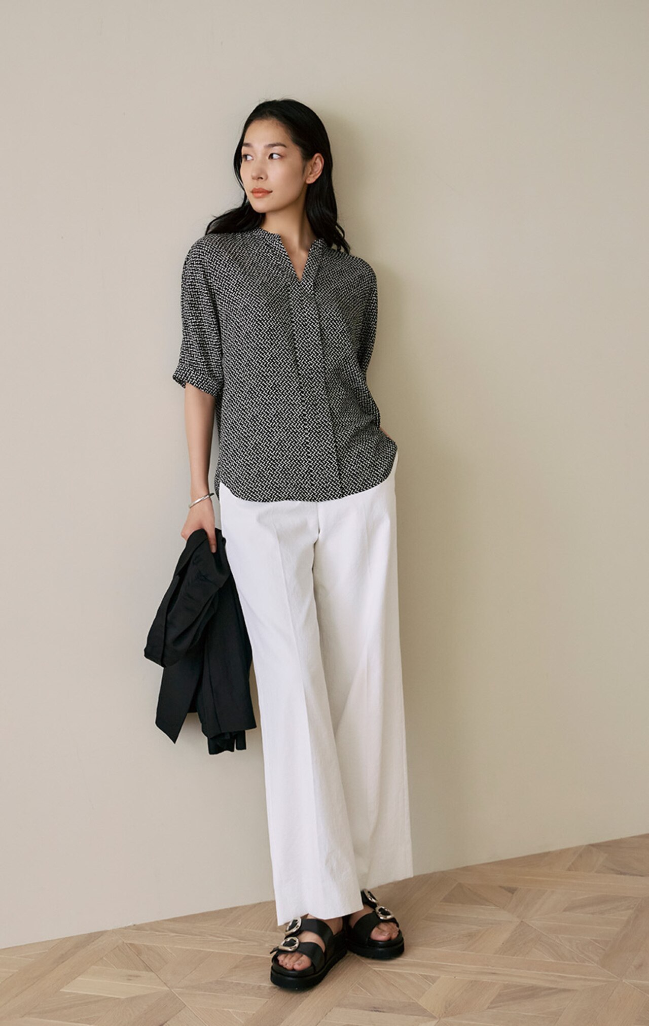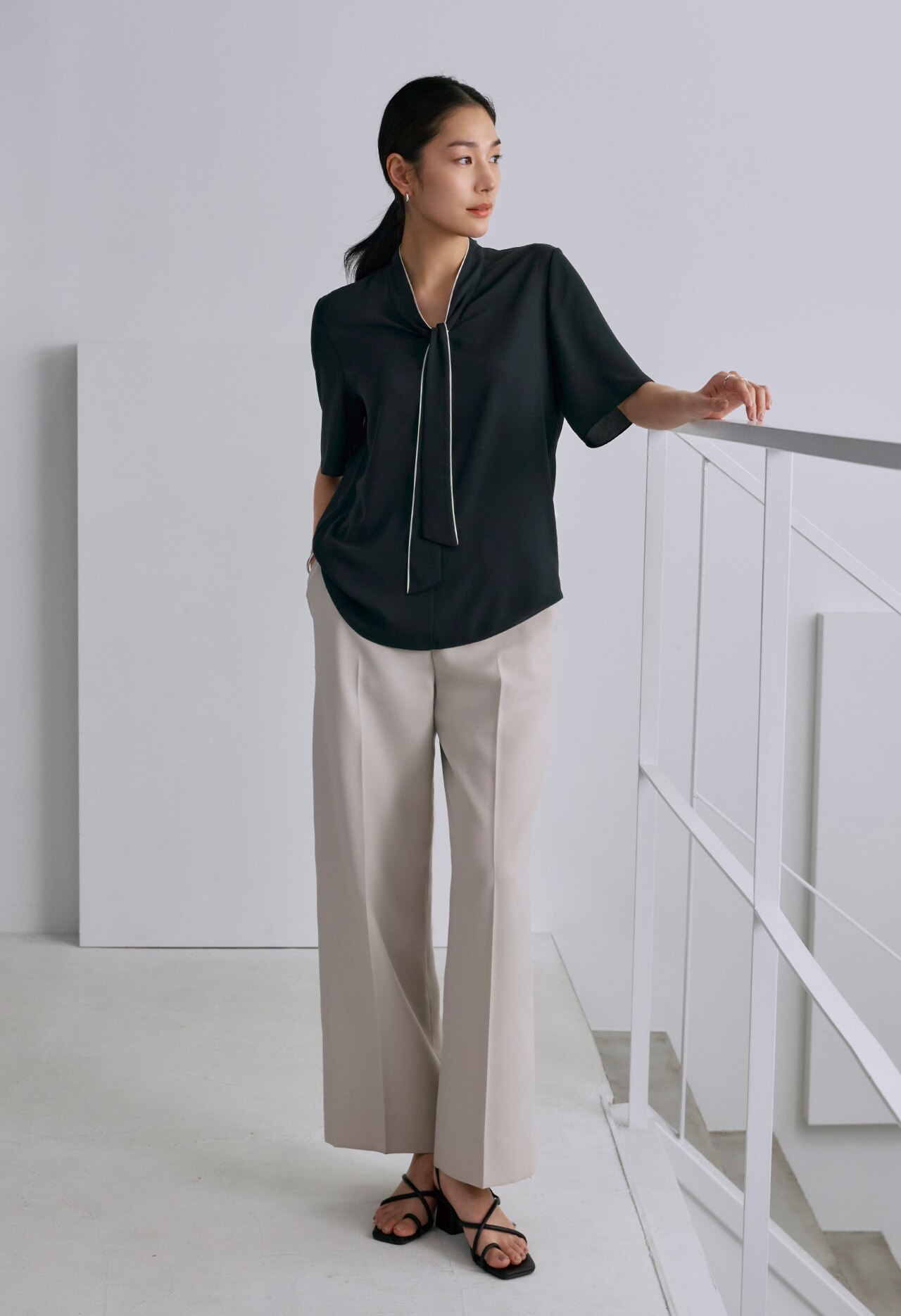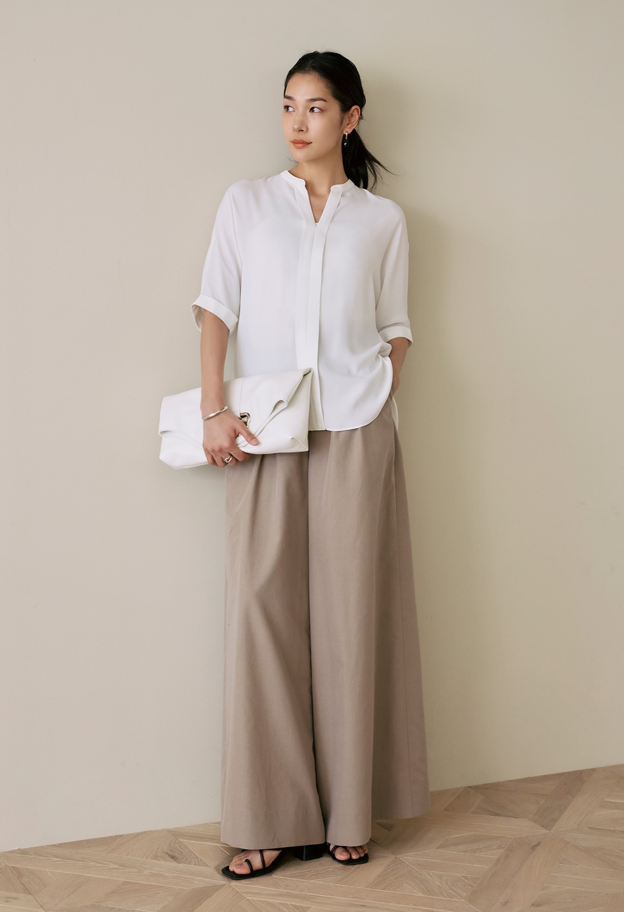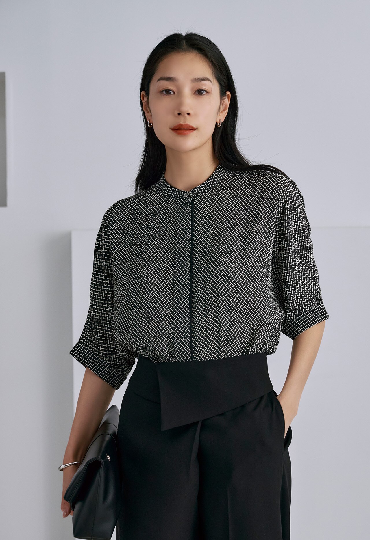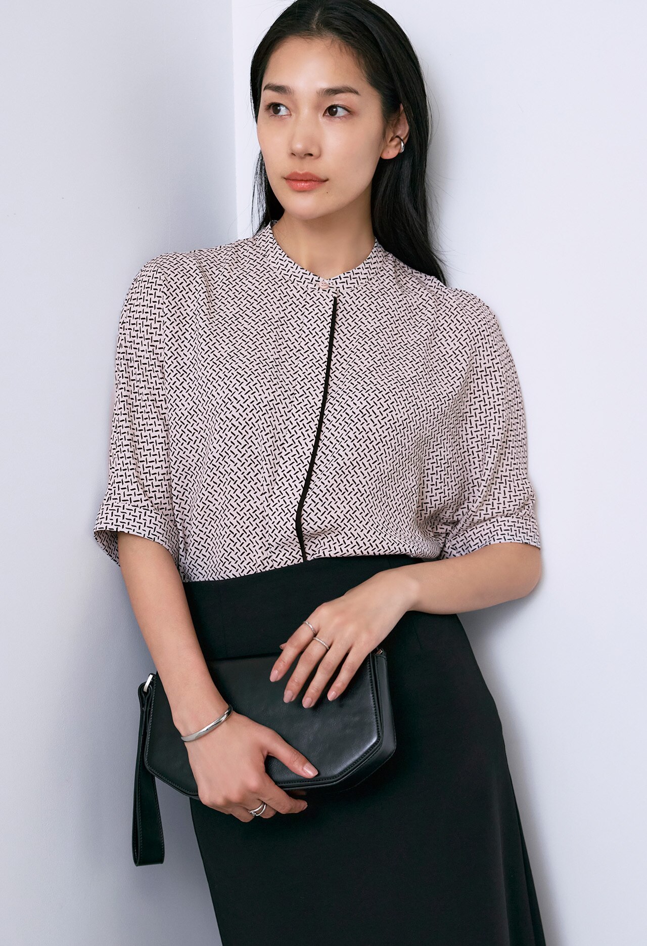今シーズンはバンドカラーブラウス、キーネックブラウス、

---

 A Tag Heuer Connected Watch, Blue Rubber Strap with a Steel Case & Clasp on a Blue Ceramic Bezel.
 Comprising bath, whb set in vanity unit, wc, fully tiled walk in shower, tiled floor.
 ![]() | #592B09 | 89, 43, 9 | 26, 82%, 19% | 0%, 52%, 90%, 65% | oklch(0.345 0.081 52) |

* * *

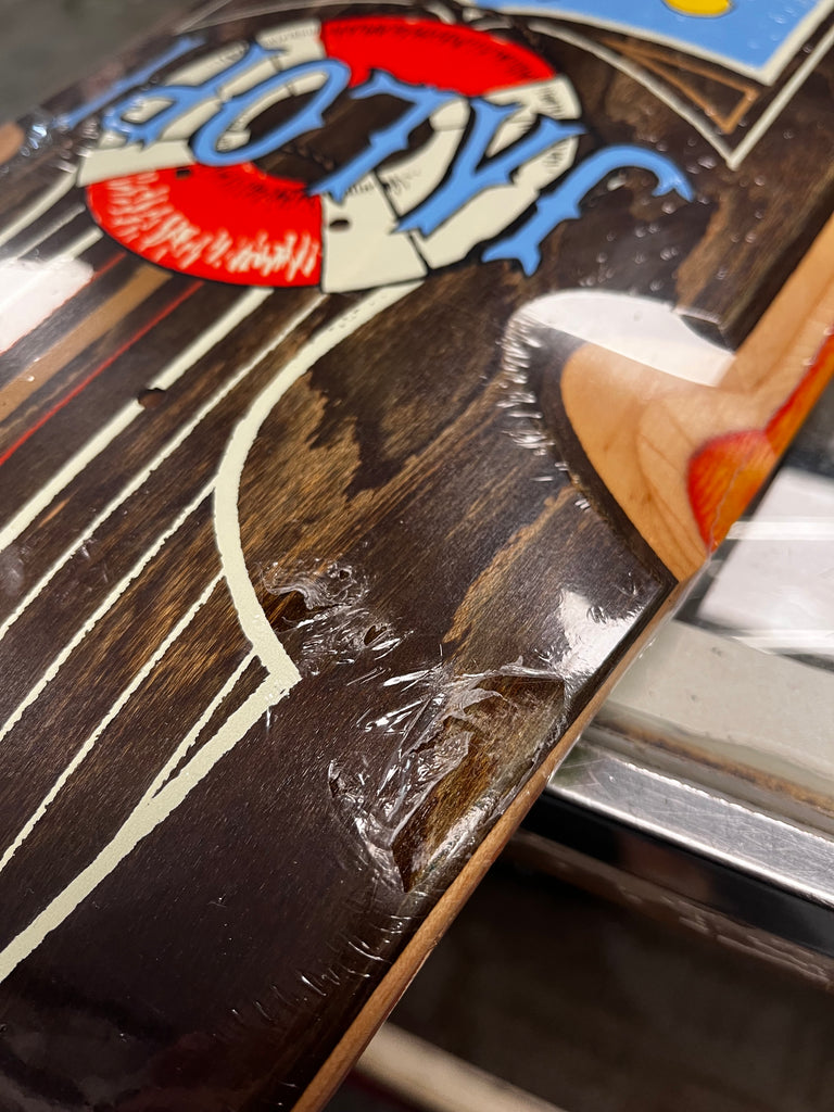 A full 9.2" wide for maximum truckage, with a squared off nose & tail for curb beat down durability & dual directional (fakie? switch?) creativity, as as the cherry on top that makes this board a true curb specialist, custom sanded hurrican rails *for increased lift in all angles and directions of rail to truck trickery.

PROBLEM REQUIREMENTS → Retype exactly, and only, the lines above from the one where "Comprising bath, whb" occurs up to and including the one where "0.081 52) |" occurs.

EXERCISE RESPONSE →
 Comprising bath, whb set in vanity unit, wc, fully tiled walk in shower, tiled floor.
 ![]() | #592B09 | 89, 43, 9 | 26, 82%, 19% | 0%, 52%, 90%, 65% | oklch(0.345 0.081 52) |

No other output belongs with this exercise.